One of the reasons we love online advertising is its front-end quantifiability. Nearly all the important metrics you need are readily available: Click-through rates (CTR), costs per click (CPCs), and conversions, summed up in neat little charts for your analytical digestion.
But it can be easy to forget that all of these data points represent real actions taken by real people. Online advertising doesn’t happen in a vacuum—your ads are being evaluated by human beings who all have their distinct personalities and desires. And today, recognizing this is more important than ever.
Earlier this year, Chris Golec, CEO of B2B marketing firm Demandbase told CMO.com, “The ability to target and personalize ads can really change the game for both marketing and sales…Based on what we saw in 2013, this will be the year when B2B marketers can move the needle with online advertising.” But how personal are your ads in reality?

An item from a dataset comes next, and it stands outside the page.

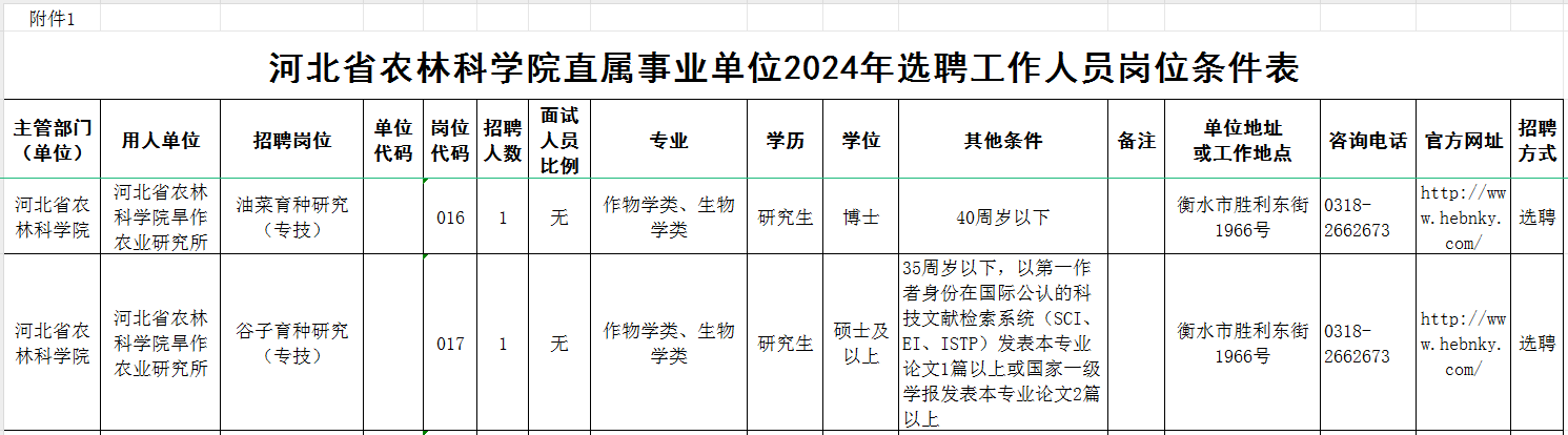 | 附件1:河北省農林科學院直屬事業(yè)單位2024選聘工作人員崗位條件表 |

Advertisers need to be extra vigilant in segmenting audiences and personalizing their ads, all with the understanding that their customers aren’t just pixels on a screen—they’re people. The brands that hold this philosophy will be better able to develop high quality relationships with their customers while producing quantifiable results.
Dig into Demographics
A recent study conducted by Scout Research found that the more engaged a user is with online content, the better they recall the brand’s name and the more likely they are to purchase their products.

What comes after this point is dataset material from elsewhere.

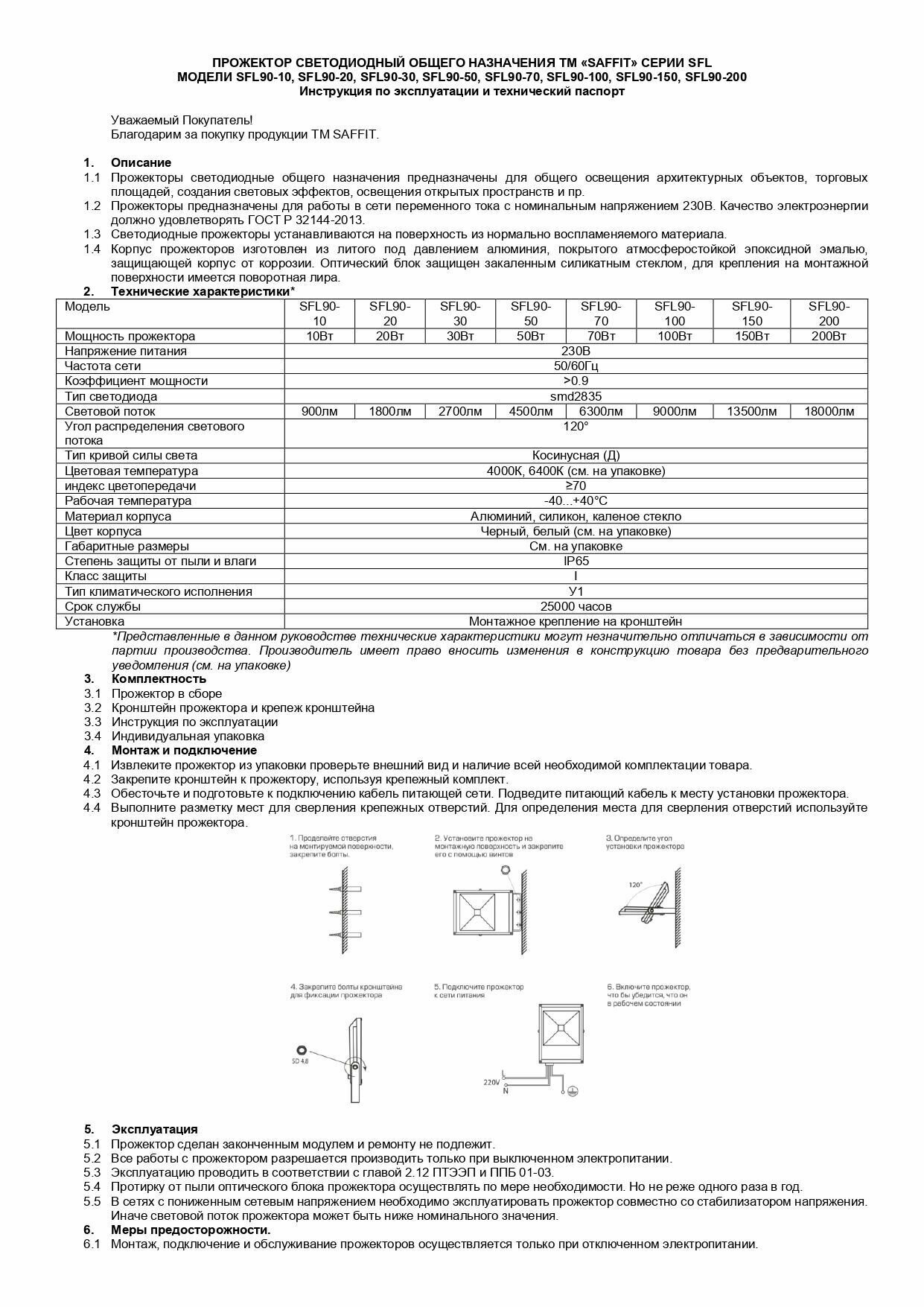 Светодиодный прожектор SAFFIT SFL90-20 IP65 20W 6400K

If you’ve been running display or pay per click ads for a while, you might think you have a solid understanding of your customer base’s demographics. But it can be easy to take these groups and their characteristics for granted, falling short when it comes to meaningful engagement. Digging a bit deeper into your core audiences can help you uncover subgroups, interests, and motivations you might have been neglecting.
For instance, Fairmont Hotels did this recently with its “Everyone’s an Original Personality” contest. By running a “What Type of Traveler Are You?” quiz campaign (and offering up various luxury gift prizes to the randomly chosen winners), the company was able to identify consumer interests and personalities that otherwise would have gone unnoticed. Aside from gaining some promotional value through the sweepstakes, Fairmont was able to learn about and segment their customer base for better, more relevant forms of engagement down the road.
Make Them Feel
Once you’ve identified some of the core (and secondary) characteristics of your audience, it’s time to let them know that yes, you do care about them and they’re not just a number! And one of the most reliable ways to engage your audience on this personal level is through emotion. Connecting with a user through a display ad is no easy task, but by thinking critically about what our products do for our customers, we can heighten those ideas to deliver a poignant message.

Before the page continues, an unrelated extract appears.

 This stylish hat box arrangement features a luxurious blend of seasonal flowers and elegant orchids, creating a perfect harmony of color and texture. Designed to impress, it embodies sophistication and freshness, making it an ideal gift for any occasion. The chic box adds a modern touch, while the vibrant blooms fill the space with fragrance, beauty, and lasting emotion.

Last year the soap brand Dove, after completing a study that found that only 2 percent of women find themselves beautiful, ran a series of video ads entitled “Real Beauty Sketches.” In this campaign, an FBI sketch artist drew women based on her own descriptions, then drew the same women based on other peoples’ descriptions. What they discovered was both eye-opening and inspirational: While so many women pictures themselves in a lesser light than reality, complete strangers saw them in an honestly beautiful way. Although the campaign didn’t mention Dove’s products at all, the brand was able to connect to its audience on an emotional level by tying their advertising to the brand’s commitment to fostering self-esteem in women. And the numbers didn’t lie! Within a month of launch, the video had been viewed more than 114 million times in over 110 countries, and had been transcribed into 25 languages.
There’s a Time and Place
While your primary advertising goal may be to reach that elusive ROI, remember that people, by nature, are social creatures on the internet. A big part of treating your customers like the people they are is being mindful that there’s a time and a place for everything. So you should always consider how your messages impact the user’s online experience and how that represents your brand.
Put yourself in the customer’s shoes, and ask, “Would I be receptive to this form of messaging right here, right now?” On social media, for instance, only 4 percent of Facebook users prefer to see sales messages, and companies like Priceline have admitted that social ads haven’t panned out for ROI. How we engage with brands and messages is different via email, content sites, mobile apps, social media, and even watching television shows online. So it’s crucial to tailor your communications to the what, where, and how that will be most relevant to the user.
While consideration and empathy are core components of an online marketing strategy, it’s the basic prospect of “getting to know your audience” that so many marketers and specifically online advertisers forget. Dig deep into your customer data; survey the field; segment users wherever relevant; find the emotional angle that resonates; alter your language for the subject and audience; and overall, look for the stories in your campaign results. Basic analytics and ROI analyses can help you begin to optimize campaigns, but the real challenge and rewards come with proving that your brand sees customers as human beings, not just dollar signs.